INPUT:

──────────

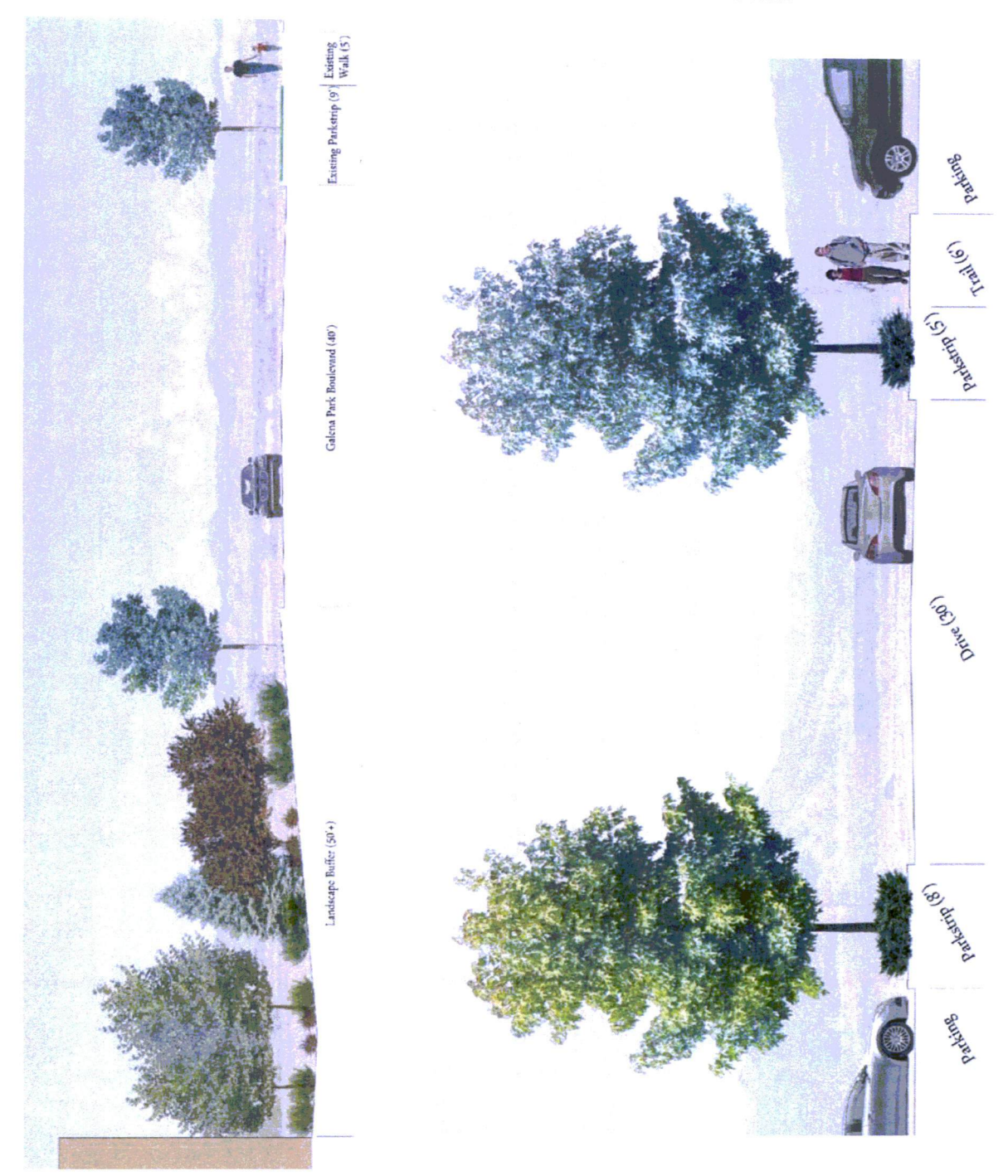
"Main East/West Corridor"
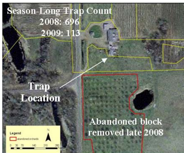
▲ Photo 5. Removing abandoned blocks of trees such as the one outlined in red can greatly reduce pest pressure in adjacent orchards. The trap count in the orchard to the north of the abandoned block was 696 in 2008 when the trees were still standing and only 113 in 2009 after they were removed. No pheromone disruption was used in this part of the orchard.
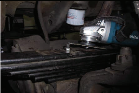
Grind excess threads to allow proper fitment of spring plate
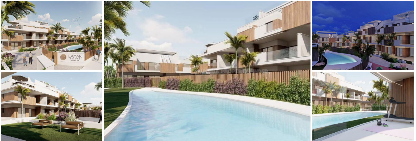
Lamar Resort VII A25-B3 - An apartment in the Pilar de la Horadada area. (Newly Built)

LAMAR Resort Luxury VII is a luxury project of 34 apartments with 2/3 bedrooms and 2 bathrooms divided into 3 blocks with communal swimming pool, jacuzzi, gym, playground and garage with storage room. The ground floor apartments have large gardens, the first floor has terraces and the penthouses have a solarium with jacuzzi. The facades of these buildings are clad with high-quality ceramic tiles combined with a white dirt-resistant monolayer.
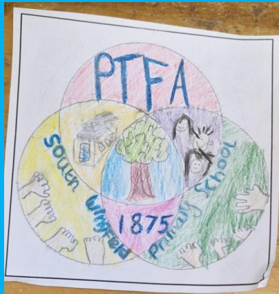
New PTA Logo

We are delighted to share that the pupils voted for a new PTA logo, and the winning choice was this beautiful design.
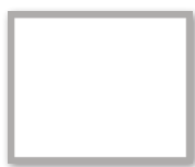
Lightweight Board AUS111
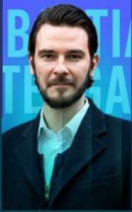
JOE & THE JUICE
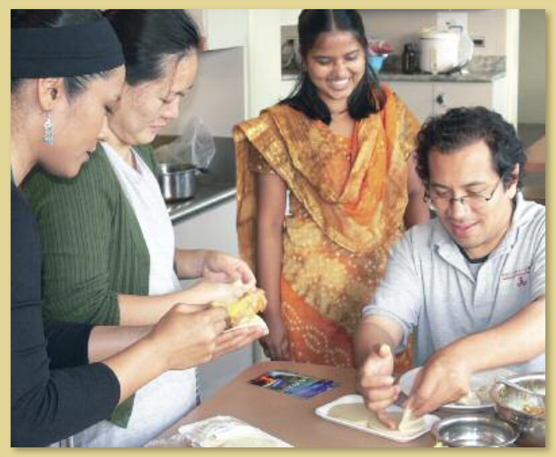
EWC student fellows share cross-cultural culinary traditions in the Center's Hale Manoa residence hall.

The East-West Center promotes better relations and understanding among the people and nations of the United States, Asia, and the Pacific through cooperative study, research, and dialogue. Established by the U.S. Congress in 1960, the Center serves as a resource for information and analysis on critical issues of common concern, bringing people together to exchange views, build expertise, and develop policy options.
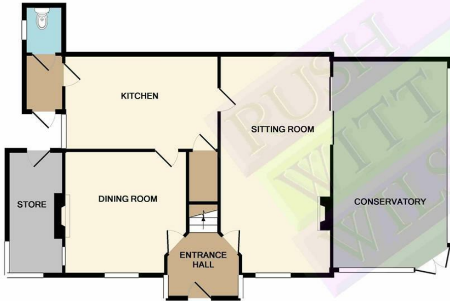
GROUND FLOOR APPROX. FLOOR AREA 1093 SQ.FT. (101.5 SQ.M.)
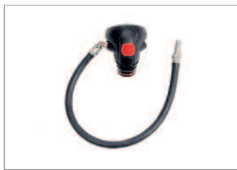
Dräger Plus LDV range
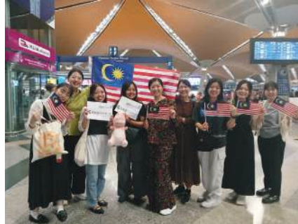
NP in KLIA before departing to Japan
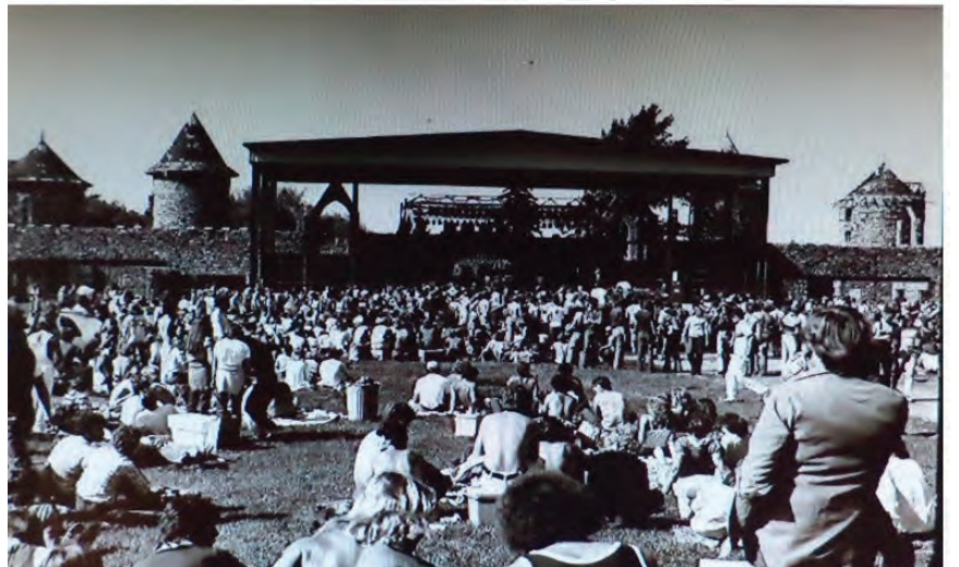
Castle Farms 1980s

──────────

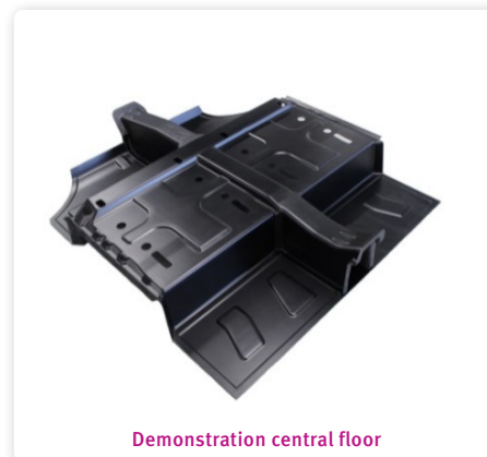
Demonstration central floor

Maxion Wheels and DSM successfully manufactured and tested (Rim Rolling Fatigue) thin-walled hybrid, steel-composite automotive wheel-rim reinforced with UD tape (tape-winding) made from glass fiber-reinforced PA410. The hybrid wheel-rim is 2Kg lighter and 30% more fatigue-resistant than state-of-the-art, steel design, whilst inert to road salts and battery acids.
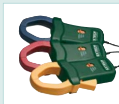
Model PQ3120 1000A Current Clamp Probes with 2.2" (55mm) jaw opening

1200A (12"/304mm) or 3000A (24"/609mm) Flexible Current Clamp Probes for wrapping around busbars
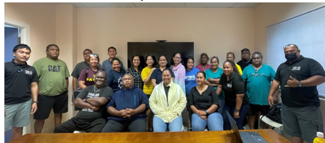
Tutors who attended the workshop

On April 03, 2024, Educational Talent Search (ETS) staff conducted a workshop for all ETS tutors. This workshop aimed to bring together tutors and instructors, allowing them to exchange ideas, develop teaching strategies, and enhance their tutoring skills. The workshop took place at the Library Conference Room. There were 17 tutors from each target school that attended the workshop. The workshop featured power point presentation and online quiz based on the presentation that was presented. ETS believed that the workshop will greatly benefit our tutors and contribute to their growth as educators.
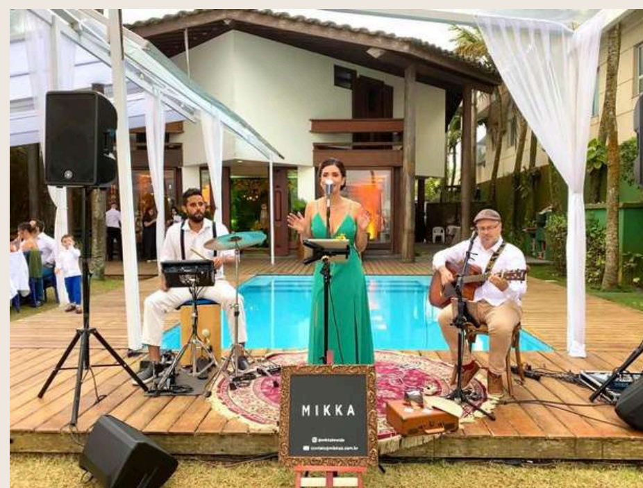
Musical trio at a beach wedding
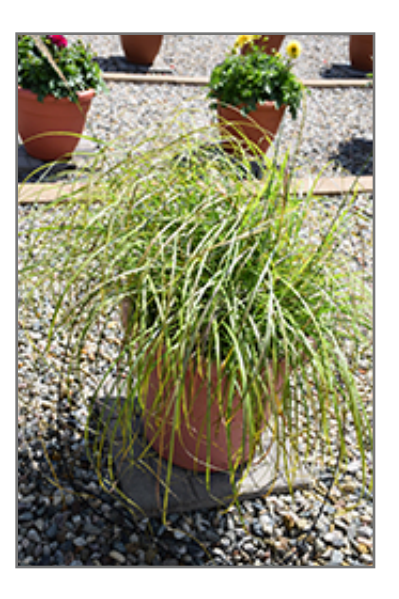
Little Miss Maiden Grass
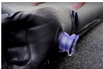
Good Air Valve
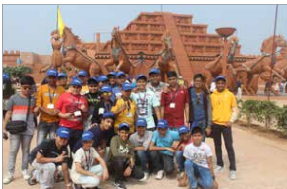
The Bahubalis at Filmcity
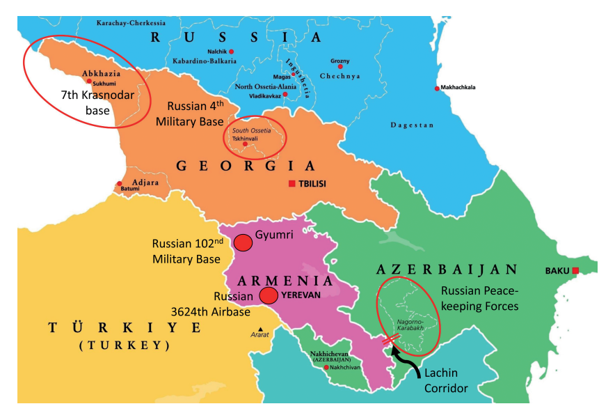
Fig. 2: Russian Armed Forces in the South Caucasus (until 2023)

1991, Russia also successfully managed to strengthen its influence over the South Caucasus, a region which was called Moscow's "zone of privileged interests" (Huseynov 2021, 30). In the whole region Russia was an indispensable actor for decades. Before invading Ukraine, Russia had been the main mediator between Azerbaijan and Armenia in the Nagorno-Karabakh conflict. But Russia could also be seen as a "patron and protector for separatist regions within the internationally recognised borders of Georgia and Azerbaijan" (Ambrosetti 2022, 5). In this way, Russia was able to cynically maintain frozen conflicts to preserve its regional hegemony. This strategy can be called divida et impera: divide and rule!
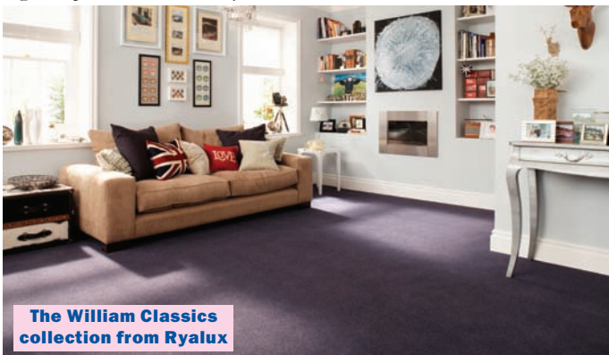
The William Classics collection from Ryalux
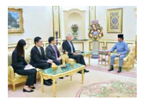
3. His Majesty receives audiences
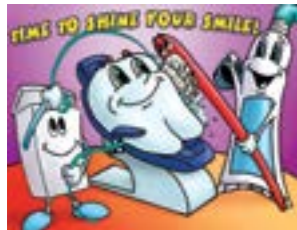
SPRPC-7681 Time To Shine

──────────

Pictures in the entries do not go into the copy. Print only the lines starting at the one containing "3. His Majesty receives audiences" and ending at the one containing "SPRPC-7681 Time To Shine", exactly as they appear.

3. His Majesty receives audiences
SPRPC-7681 Time To Shine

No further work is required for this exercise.